Biontech und Pfizer arbeiten an einer dritten Impfung. Rechnen Sie damit, dass es da bald eine Empfehlung geben wird?

Das ist ja eigentlich alles noch ein bisschen früh. Wir sehen jetzt zwar, dass die Delta-Variante sich weiter ausbreitet, aber dass die vorhandenen Impfstoffe, unter anderem der zugelassene von Biontech/Pfizer, das Ganze immer noch gut abdecken. Das heißt, wir brauchen keine weitere Impfung zurzeit, die nochmal die Delta-Variante voll umfasst. Aber man kann sich natürlich gut darauf vorbereiten. Das heißt also, dass man diese Informationen nutzen kann, wie die Oberflächenstrukturen der Delta-Variante sich verändert haben im Verhältnis zu den früheren Varianten. Das geht relativ schnell, dann einen entsprechend spezifischen oder gut abdeckenden Impfstoff herzustellen.

Das Impftempo in Deutschland nimmt ab und gleichzeitig machen die USA uns vor, was eine Impfkampagne eben auch bedeuten kann. Da hat jetzt eine Schauspielerin bei einem Treffen mit dem US-Präsidenten im Weißen Haus für das Impfen geworben und über Social Media geteilt. Brauchen wir sowas auch, um junge Menschen zu erreichen, oder glauben Sie, dass der indirekte Druck, der auch durch Forderungen nach kostenpflichtigen Schnelltests erzeugt wird, der richtige Weg ist?

Wir brauchen wohl beides. Was wir bisher gemacht haben an Informationskampagne, an öffentlichkeitswirksamer Darstellung der Impfung, das ist ja schon mal nicht schlecht. Das Thema ist schon im Bewusstsein der Bevölkerung. Es wird ja auch ständig darüber berichtet. Aber natürlich wären noch mal mehr altersspezifische Ansprachen gut. Und Aufklärung über die Gegenargumente: Es gibt eigentlich kein haltbares Argument gegen das Impfen. Das noch mal darzustellen, ist ganz wichtig.
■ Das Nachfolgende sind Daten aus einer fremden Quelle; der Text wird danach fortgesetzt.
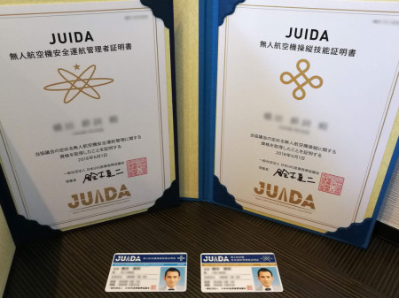 JUIDAから各種証明書の発行を希望される方は、当スクール修了試験(ドローン検定)合格後に、当スクールから発行された修了証をもって、JUIDAへの技能証明証申請手続きを行うことで各種証明書の交付を受けることができます。
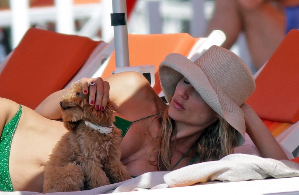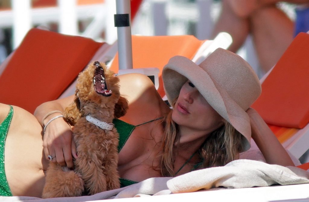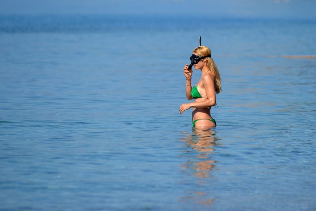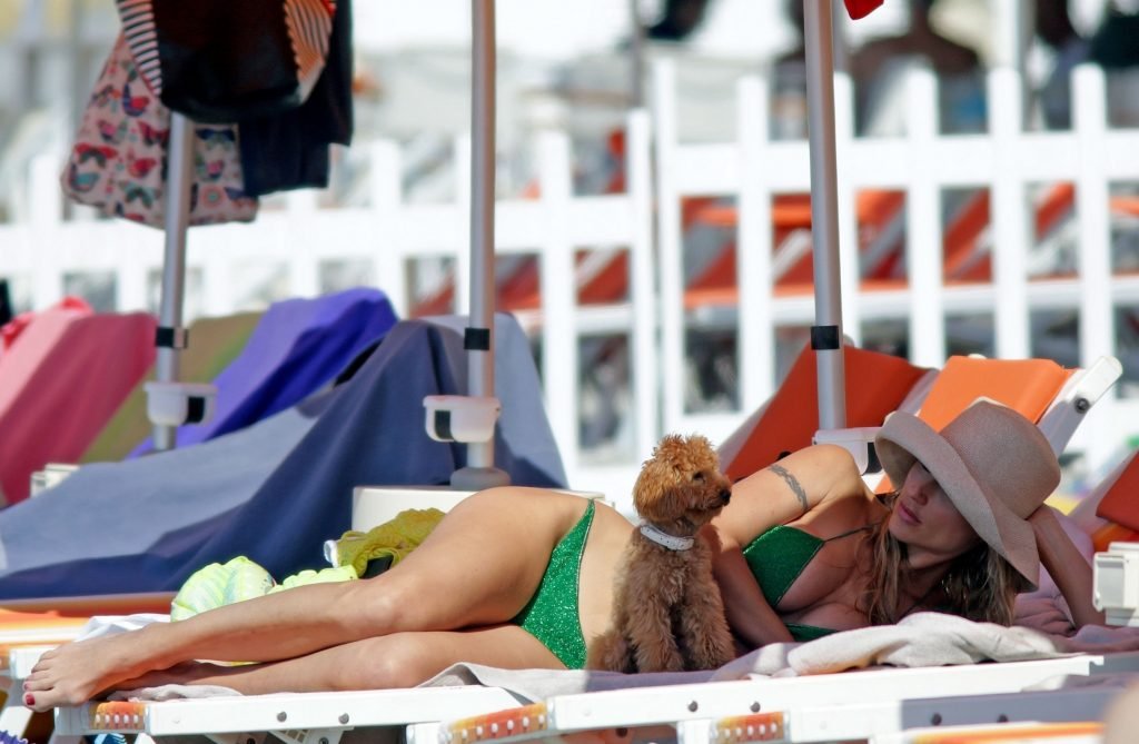 Michelle Hunziker è stata avvistata in bikini verde con il suo cane sulla spiaggia di Varigotti, Italia, 13/05/2018. Michelle Hunziker è un’attrice svizzero/italiana (Antichi Guerrieri), cantante e modella. Nata: 24 gennaio 1977.
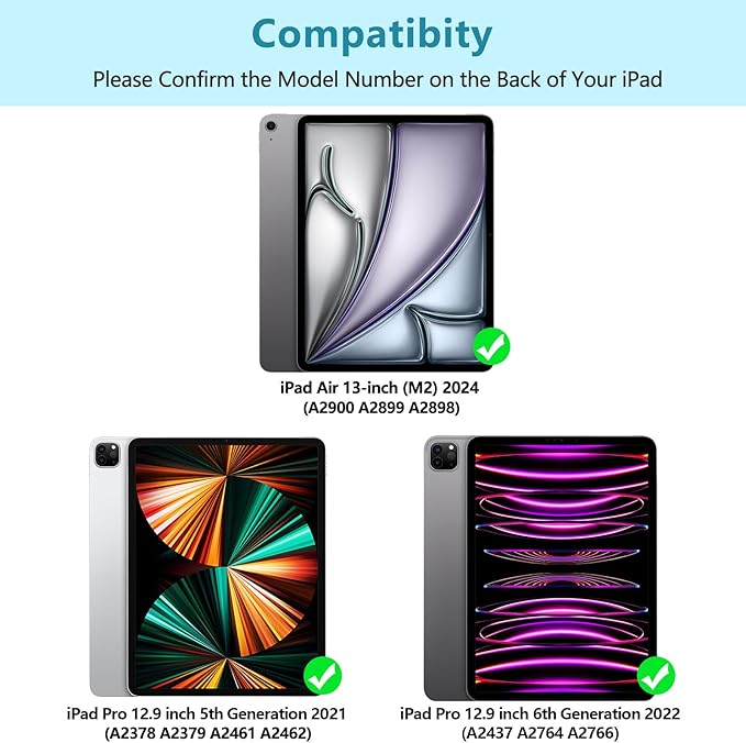 - Case Keyboard Only Applies to 3 iPads Model: Compatible only for iPads air 13 inch M2 2024 (A2900/A2899/A2898) for iPads Pro 12.9 inch 6th Generation 2022 (A2436/A2437/A2764/A2766) for iPads Pro 12.9 inch 5th Generation 2021 (A2378/A2379/A2461/A2462) these 3 iPads models. Please check your iPads model before placing an order.Note: This case keyboard is NOT suitable for the new pro 13 inch M4 2024.
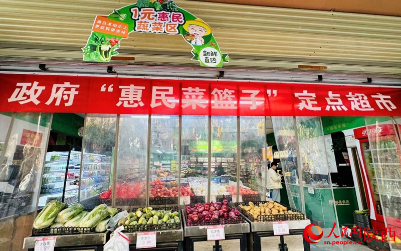 西安农投集团生鲜曲供连合二店被选为“惠平易近菜篮子”定点超市,店外的“一元惠平易近蔬菜区”,让群众低价买到“安心菜”。

Markus Söder möchte ab Herbst die Clubs nur für vollständig Geimpfte öffnen. Denken Sie, dass man erreicht, dass Leute zum Impfen gehen, indem man Ungeimpfte ausschließt?

Das ist vielleicht nicht der richtige Weg. Viel besser wären Anreize und natürlich vor allen Dingen Überzeugungen, dass man gut informiert. Aber es ist ganz klar, dass auch gezeigt werden soll, dass vollständig Geimpfte wieder die Möglichkeit haben, in die Normalität zurückzukommen, während Nichtgeimpfte weiterhin mit Einschränkungen, vor allen Dingen mit den Testungen als Sicherheitslinie, leben müssen. Tests müssen weiterhin verpflichtend sein, um das Risiko für Nichtgeimpfte niedrig zu halten. Und diese Testungen könnte man dann schließlich auch kostenpflichtig machen für alle Nichtgeimpften. Da gibt es eigentlich keinen Grund, wieso das weiterhin vom Staat übernommen wird.